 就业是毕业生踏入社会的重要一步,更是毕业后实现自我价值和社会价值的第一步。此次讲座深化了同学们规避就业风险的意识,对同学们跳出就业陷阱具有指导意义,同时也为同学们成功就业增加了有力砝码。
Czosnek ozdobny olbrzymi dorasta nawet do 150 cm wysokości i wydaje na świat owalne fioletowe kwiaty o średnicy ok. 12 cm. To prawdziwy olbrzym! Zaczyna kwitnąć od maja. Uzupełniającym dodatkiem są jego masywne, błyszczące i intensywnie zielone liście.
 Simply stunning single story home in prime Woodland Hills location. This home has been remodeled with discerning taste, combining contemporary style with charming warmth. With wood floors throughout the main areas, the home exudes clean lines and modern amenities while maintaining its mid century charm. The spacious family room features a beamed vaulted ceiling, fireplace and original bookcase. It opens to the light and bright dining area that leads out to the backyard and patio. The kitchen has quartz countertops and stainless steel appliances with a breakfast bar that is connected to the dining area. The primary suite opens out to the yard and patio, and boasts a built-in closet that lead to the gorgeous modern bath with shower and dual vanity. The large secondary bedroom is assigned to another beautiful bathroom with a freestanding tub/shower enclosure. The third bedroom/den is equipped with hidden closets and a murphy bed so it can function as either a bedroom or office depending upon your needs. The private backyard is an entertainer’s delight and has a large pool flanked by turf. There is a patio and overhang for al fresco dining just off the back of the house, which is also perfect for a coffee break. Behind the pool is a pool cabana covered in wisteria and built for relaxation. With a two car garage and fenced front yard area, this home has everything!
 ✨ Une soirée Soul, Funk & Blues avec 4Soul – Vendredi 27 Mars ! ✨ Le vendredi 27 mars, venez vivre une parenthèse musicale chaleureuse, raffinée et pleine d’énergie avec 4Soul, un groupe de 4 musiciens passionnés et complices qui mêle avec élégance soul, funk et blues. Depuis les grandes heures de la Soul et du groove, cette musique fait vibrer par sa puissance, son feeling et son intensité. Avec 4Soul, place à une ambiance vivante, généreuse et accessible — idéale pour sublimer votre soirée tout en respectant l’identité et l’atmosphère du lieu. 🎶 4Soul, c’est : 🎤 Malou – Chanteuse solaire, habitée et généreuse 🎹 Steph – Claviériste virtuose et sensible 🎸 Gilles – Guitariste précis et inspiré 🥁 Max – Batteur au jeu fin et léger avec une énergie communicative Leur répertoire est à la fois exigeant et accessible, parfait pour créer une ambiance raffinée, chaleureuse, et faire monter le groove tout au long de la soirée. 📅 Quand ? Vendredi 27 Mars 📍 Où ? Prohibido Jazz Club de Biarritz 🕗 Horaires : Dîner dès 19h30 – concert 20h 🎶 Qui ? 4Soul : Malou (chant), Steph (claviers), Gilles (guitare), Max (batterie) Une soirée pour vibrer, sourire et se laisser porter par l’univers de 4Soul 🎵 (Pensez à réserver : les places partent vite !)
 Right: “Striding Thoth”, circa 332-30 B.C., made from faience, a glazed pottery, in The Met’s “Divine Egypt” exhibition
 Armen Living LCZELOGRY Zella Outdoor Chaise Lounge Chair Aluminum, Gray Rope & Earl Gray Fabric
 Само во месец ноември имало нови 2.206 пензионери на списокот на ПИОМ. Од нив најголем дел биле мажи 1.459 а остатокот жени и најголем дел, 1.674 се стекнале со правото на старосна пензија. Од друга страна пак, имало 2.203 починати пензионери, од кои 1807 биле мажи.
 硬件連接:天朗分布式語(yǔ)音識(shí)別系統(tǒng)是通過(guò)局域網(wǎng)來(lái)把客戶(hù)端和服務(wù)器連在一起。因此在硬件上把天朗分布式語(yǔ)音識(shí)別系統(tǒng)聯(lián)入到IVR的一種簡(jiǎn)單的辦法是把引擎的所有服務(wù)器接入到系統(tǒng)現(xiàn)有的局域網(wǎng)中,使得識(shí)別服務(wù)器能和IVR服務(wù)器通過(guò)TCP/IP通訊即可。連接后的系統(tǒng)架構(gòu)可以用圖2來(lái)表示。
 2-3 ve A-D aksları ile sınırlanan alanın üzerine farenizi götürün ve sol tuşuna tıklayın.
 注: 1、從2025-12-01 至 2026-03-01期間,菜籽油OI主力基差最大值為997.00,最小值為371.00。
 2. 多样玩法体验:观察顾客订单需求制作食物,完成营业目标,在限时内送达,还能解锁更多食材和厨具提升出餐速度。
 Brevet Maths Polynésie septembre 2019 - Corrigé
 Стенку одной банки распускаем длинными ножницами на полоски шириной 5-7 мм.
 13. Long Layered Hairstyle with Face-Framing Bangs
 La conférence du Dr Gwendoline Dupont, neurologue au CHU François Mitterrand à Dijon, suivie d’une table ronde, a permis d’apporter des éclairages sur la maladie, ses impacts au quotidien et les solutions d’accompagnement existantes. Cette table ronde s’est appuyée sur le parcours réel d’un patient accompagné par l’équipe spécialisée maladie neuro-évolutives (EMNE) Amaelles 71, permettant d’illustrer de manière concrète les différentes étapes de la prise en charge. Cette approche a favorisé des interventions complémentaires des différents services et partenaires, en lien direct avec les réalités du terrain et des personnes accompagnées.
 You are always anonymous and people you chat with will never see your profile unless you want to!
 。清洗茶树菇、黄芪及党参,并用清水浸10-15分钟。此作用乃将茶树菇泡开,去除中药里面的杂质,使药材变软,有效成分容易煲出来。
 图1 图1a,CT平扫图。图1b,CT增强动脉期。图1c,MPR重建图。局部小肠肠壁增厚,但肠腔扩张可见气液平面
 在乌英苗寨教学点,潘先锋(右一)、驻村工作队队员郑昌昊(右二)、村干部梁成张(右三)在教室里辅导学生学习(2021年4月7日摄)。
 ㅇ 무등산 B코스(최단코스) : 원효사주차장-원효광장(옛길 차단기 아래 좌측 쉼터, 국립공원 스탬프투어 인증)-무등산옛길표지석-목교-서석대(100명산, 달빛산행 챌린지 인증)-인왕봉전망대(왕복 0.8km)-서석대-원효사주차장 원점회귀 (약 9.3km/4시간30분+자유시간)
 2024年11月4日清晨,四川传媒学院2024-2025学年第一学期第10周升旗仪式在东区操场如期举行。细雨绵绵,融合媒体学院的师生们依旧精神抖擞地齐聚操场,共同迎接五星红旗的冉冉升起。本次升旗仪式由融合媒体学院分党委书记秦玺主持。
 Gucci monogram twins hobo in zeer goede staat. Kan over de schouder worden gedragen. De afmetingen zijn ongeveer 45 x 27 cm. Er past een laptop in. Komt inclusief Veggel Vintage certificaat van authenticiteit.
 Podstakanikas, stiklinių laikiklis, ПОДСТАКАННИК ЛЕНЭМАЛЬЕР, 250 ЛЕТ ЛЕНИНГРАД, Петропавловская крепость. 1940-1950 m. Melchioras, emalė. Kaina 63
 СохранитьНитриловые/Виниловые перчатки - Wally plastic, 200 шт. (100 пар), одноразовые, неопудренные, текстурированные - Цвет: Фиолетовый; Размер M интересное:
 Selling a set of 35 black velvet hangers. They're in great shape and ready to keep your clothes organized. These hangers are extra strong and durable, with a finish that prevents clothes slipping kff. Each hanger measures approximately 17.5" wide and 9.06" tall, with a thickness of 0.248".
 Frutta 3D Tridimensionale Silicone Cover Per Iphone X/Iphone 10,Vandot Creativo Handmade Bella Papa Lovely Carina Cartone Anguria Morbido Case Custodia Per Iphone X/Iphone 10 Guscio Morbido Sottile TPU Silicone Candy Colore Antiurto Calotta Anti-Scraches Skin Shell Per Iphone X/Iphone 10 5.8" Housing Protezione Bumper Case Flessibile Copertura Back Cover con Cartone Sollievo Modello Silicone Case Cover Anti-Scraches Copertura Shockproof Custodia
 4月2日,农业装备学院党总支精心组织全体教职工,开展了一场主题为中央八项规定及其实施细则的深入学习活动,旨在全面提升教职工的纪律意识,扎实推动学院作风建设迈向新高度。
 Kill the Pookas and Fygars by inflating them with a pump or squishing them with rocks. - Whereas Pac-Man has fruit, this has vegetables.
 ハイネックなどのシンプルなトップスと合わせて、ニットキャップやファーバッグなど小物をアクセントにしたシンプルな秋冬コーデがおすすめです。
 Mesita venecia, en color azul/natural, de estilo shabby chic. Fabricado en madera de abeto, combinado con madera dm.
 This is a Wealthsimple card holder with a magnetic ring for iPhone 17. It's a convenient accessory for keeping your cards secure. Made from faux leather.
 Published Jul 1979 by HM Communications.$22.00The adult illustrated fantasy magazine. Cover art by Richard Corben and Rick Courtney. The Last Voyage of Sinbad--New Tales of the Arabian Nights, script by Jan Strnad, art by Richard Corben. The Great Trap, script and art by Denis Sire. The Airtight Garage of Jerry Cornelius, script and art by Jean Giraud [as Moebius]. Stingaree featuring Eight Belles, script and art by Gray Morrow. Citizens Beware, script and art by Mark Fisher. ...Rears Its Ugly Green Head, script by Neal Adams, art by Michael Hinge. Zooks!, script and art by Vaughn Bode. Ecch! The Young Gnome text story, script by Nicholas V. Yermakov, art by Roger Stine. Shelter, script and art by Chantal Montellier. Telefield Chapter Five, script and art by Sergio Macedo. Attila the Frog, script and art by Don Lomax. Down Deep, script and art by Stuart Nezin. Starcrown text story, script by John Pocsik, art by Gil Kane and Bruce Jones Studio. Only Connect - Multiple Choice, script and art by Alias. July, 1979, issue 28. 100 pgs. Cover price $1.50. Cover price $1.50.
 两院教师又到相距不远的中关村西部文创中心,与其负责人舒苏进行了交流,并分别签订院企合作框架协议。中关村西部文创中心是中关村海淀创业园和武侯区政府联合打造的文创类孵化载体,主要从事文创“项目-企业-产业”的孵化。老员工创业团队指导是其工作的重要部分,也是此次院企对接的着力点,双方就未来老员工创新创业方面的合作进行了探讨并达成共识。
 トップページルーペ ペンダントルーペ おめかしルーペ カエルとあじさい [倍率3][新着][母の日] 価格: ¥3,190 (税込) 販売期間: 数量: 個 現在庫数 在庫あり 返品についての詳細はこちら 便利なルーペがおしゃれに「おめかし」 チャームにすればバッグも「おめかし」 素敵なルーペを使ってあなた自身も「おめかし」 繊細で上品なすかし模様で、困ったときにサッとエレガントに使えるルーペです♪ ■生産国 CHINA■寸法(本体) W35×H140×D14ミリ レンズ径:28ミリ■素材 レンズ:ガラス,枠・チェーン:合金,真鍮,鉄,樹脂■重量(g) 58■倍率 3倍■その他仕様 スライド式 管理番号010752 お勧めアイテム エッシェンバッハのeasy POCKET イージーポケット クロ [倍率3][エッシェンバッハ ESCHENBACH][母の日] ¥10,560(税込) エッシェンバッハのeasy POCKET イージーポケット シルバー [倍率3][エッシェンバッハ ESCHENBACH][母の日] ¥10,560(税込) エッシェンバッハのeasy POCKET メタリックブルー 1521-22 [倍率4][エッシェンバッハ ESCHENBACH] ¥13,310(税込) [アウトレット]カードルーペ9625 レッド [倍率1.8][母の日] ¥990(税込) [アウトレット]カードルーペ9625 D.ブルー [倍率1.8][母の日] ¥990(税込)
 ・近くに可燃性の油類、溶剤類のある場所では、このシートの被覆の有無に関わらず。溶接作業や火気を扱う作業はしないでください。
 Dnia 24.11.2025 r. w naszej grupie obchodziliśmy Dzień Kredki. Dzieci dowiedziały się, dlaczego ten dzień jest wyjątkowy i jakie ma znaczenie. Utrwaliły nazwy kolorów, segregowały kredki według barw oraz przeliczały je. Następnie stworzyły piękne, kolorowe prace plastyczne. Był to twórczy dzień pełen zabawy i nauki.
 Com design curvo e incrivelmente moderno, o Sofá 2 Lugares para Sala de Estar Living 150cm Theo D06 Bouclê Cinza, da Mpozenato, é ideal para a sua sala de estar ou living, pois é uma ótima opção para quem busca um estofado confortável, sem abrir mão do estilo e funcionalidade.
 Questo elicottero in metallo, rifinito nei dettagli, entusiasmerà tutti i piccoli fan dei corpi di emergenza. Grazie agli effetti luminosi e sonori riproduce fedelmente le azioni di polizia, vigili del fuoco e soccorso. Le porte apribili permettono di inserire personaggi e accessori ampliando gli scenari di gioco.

-- -- --

How to complete this task - Search the material for the string "Living" and show every line that has it.

Expected answer -
 Armen Living LCZELOGRY Zella Outdoor Chaise Lounge Chair Aluminum, Gray Rope & Earl Gray Fabric
 Com design curvo e incrivelmente moderno, o Sofá 2 Lugares para Sala de Estar Living 150cm Theo D06 Bouclê Cinza, da Mpozenato, é ideal para a sua sala de estar ou living, pois é uma ótima opção para quem busca um estofado confortável, sem abrir mão do estilo e funcionalidade.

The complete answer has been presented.